The dicarboxylic acid component mainly comprising terephthalic acid or an ester-forming derivative thereof used in the present invention means that terephthalic acid or an ester-forming derivative thereof in the dicarboxylic acid is usually 80 mol% or more. Preferably it is 90 mol% or more, More preferably, it is 95 mol% or more. Examples of other dicarboxylic acids include isophthalic acid, 2,6-naphthalene dicarboxylic acid, adipic acid, sebacic acid, succinic acid, oxalic acid, cyclohexanedicarboxylic acid, and ester-forming derivatives thereof. These may be used alone or in combination of two or more.

  The diol mainly composed of 1,4 butanediol used in the present invention means that 1,4 butanediol in the diol is usually 80 mol% or more. Preferably it is 90 mol% or more, More preferably, it is 95 mol% or more. Other diols include alkylene glycols such as ethylene glycol, propylene glycol, neopentyl glycol, hexamethylene glycol, decamethylene glycol, cyclohexanedimethanol, poly (oxy) ethylene glycol, polytetramethylene glycol, and polymethylene glycol. These may be used alone or in combination of two or more, and can be arbitrarily selected according to the purpose.

  The ester-forming derivative used in the present invention is an ester-forming derivative that can form an ester as a diol in the resin production process, and is a lower alkyl ester of terephthalic acid or other dicarboxylic acid, specifically methyl ester, ethyl ester, propyl. Examples include esters and butyl esters. One or two or more of these may be mixed, and can be arbitrarily selected depending on the purpose.

<Manufacturing method>
Hereinafter, a method for manufacturing PBT will be described.
Known methods for producing PBT include a so-called direct polymerization method using terephthalic acid and 1,4-BG as main raw materials, and a transesterification method using terephthalic acid dialkyl ester and 1,4-BG as main raw materials.

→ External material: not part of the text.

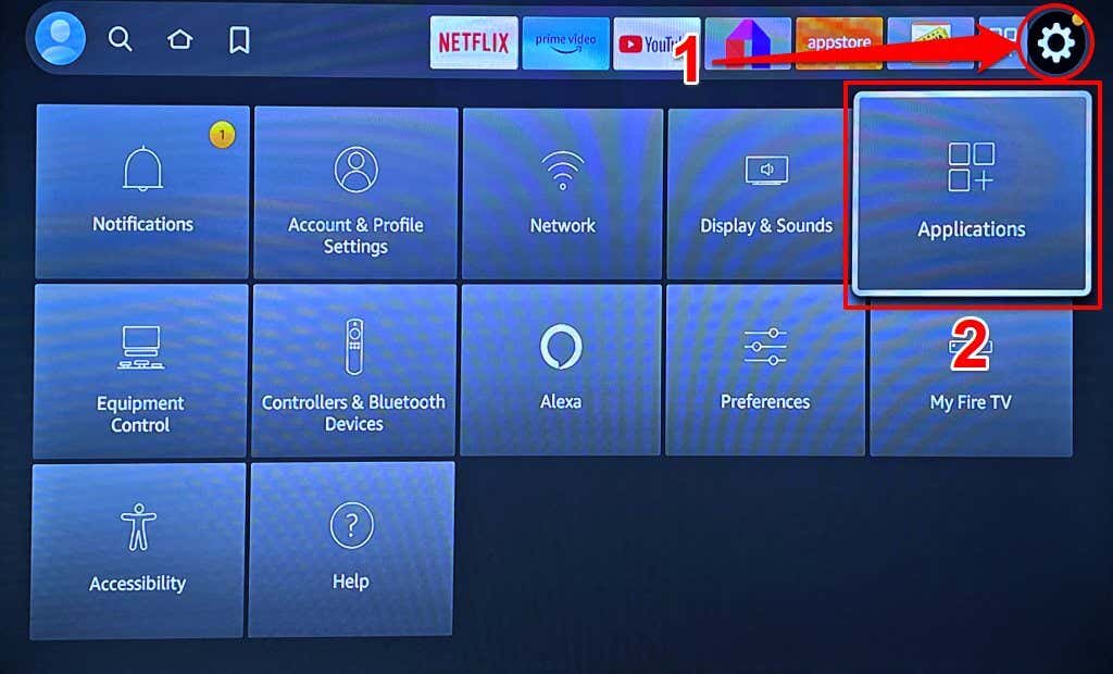 - Select the Settings/Gear icon in the top-right corner of your Fire TV home screen and choose Applications.

  In the present invention, a conventionally known method, that is, an esterification reaction and / or a transesterification reaction of a dicarboxylic acid component containing terephthalic acid or its ester-forming derivative as a main component and a diol containing 1,4 butanediol as a main component. Can be carried out by a method of obtaining PBT through an esterification step of performing polycondensation and a polycondensation step of polycondensation reaction of the oligomer obtained by the esterification step. These steps can be carried out either batchwise or continuously.

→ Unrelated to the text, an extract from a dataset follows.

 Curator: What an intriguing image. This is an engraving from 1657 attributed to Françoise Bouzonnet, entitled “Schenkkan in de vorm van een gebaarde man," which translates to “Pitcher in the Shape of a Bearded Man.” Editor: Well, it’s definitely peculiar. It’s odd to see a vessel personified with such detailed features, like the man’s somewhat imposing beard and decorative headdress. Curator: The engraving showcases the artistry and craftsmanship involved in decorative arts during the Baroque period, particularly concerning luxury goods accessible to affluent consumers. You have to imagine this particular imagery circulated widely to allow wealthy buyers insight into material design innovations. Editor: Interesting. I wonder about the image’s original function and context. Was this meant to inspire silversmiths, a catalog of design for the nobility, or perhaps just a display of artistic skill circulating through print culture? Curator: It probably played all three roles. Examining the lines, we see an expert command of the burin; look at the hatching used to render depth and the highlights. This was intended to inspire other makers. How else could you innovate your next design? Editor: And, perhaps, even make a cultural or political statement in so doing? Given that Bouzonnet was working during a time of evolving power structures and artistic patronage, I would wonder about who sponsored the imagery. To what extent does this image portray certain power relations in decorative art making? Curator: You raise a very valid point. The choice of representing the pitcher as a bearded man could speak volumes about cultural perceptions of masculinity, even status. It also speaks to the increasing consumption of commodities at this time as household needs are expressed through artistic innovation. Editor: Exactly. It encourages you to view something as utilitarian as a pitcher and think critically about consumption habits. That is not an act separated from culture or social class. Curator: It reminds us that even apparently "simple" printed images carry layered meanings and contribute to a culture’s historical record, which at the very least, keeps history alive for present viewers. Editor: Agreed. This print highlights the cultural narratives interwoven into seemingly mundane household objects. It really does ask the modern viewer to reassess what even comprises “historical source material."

In the present invention, an oligomer is a precursor of PBT having a number average molecular weight of 500 to 4,000.
In the present invention, the reaction system is an esterification step or a polycondensation step. The esterification step includes an esterification reaction tank and an apparatus connected to the esterification reaction tank by piping, and the polycondensation process includes a polycondensation reaction tank and an apparatus connected to the polycondensation reaction tank by piping.

The esterification step is optional as long as the esterification reaction and / or transesterification reaction can proceed, and the temperature is 120 ° C. or higher, preferably 150 ° C. or higher, while 245 ° C. or lower, preferably 230 ° C. or lower. It is. The reaction time is 2 to 8 hours, preferably 2 to 6 hours, and more preferably 2 to 4 hours.
The esterification step produces an oligomer in which a diol having 1,4 butanediol as a main component and a dicarboxylic acid component having terephthalic acid or an ester-forming derivative thereof as a main component are reacted. And in the polycondensation process mentioned later, this oligomer polycondensation reaction is performed.

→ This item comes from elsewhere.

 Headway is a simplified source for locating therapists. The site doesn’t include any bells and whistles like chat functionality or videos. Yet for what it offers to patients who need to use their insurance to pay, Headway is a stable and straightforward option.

  In the polycondensation process, the oligomer obtained in the esterification process is subjected to a polycondensation reaction. The polycondensation reaction is usually performed by a melt polycondensation reaction. The conditions in the polycondensation step are arbitrary as long as the polycondensation reaction can proceed. The reaction temperature (internal temperature) during the polycondensation reaction is preferably 245 ° C. or lower, more preferably 240 ° C. or lower, on the other hand, preferably 230 ° C. or higher, more preferably 235 ° C. or higher. If the reaction temperature exceeds the upper limit, there is a high possibility of thickening during production, and the color tone tends to deteriorate. If the reaction temperature is less than the lower limit, the polycondensation reactivity tends to deteriorate.

  Further, the pressure in the polycondensation step is preferably reduced pressure. Specifically, it is 10 Torr or less, preferably 3 Torr or less. Furthermore, the polycondensation reaction time is preferably 2 to 8 hours. By the polycondensation step, PBT obtained by polycondensation reaction of a diol having 1,4 butanediol as a main component and a dicarboxylic acid component having terephthalic acid or an ester-forming derivative thereof as a main component can be obtained.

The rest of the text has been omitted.